Why do so some of us fret over the minute details of a project, while others just see a high level view and muddle through. Both approaches can have merit. These kinds of questions interest me, but the answers are outside of my knowledge range. Could those traits be driven by parental role modeling?
My parents were socially rather withdrawn, but would open their home to anybody in trouble. I can remember me asking them if a close friend of mine could stay with them until some personal issues were resolved, and they agreed without any hesitation (and had a guest for about 3-4 months). I can see what an impact that would have had on me however, I am not too sure whether they consciously tried to see the other person’s perspective. In this example, I imagine they just saw somebody in need, and was pleased to be able to assist.
I can look at a number of my traits, and attribute them to my upbringing, and some life experiences, but does that explain all of them? I really don’t think that it does because while I believe in a higher power which I call God, my parents were both anti-religion (“It’s all a load of rubbish!”) Their position on religion could perhaps be explained by the teachings of the time where there was an omnipotent and loving God. I can understand my Dad having problems with that.
He was in the Royal Navy on convoy escort duties in WWII and saw many an oil tanker explode after having been torpedoed, and watched the crew jumping into an oil covered and burning sea. They were not allowed to pick up anybody because they could not risk losing their own vessel by stopping (would be a golden opportunity for any submarine in the area). He therefore watched men jump off doomed oil tankers, knowing full well that they were either going to be burned alive and/or drown.
More recent (at least to me) Christian teachings have stressed the freedom of choice that we all have, and with that freedom of choice comes consequences and responsibilities, but I do not think that he was ever presented with that rationale.
So to those of you more learned than I in these matters, help me out a little.

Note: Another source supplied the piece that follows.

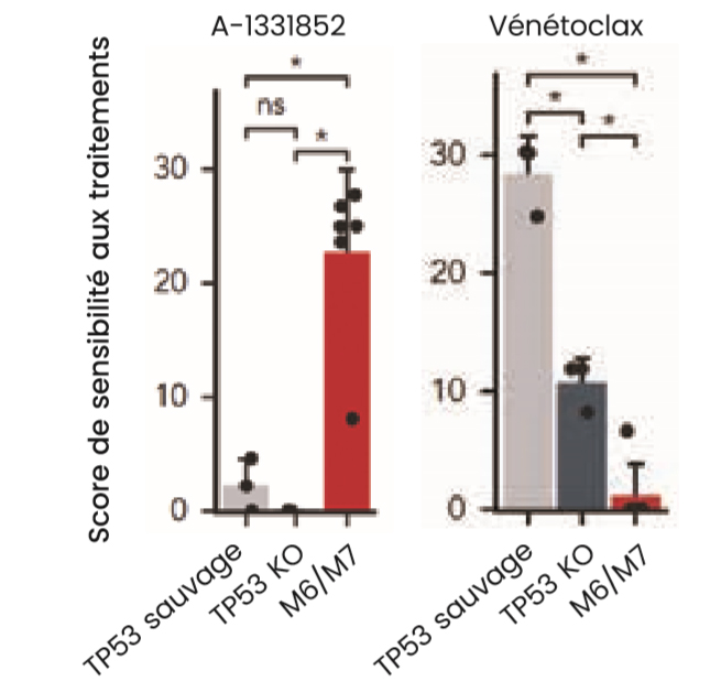 Ensuite, le rôle des mutations de TP53 a été évalué dans la sensibilité des cellules des différentes lignées aux agents pharmacologiques par une approche d'extinction du gène et d'exposition aux molécules d'intérêt. Il apparaît que les cellules des différentes lignées perdant l'expression de TP53 présentent une diminution significative de leur sensibilité au vénétoclax sans perte de sensibilité aux inhibiteurs de BCL-XL (Figure 2).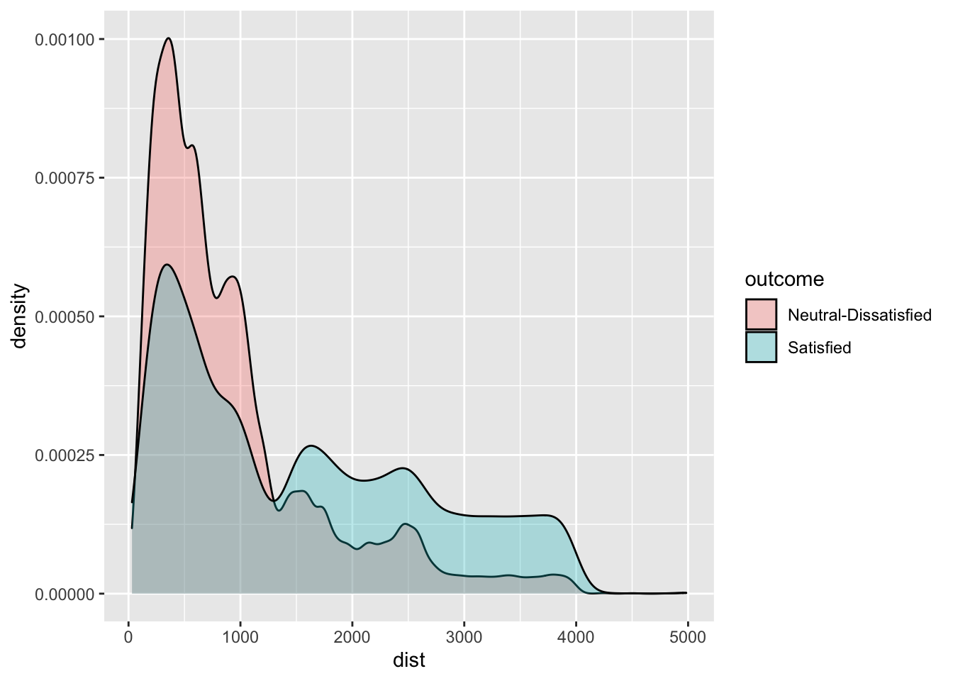 Some exploratory analysis can be done to study the distribution of the regressors conditionally on the satisfaction condition. We consider here, as an example, Age or Distance:

Why do some of us consciously consider other perspectives before we react, while some others do not? Why do some of us live a very modest lifestyle, but are prepared to share what we have, while others living a much more luxurious lifestyle have no interest in others. Why are some people happy in their 1000 sq ft homes, while others are complaining at the cost of 5000 sq ft homes?
There are so many examples of contrasting perspectives, but should we lay the blame on our upbringing? I really don’t think so simply because we all have the ability to learn. We all have the ability to change. We all make choices as we go through life but then, why do some us make choices that involve change, while others just stay with the status quo? Why do some of us see a rose bush as a flowering shrub with spikes, while others see a spikey shrub with flowers?
As noted at the beginning of this Post, I like to think that I know quite a bit about a very, very tiny component of those areas of expertise! These questions are not answered by the very, very tiny component referred to! Just thinking!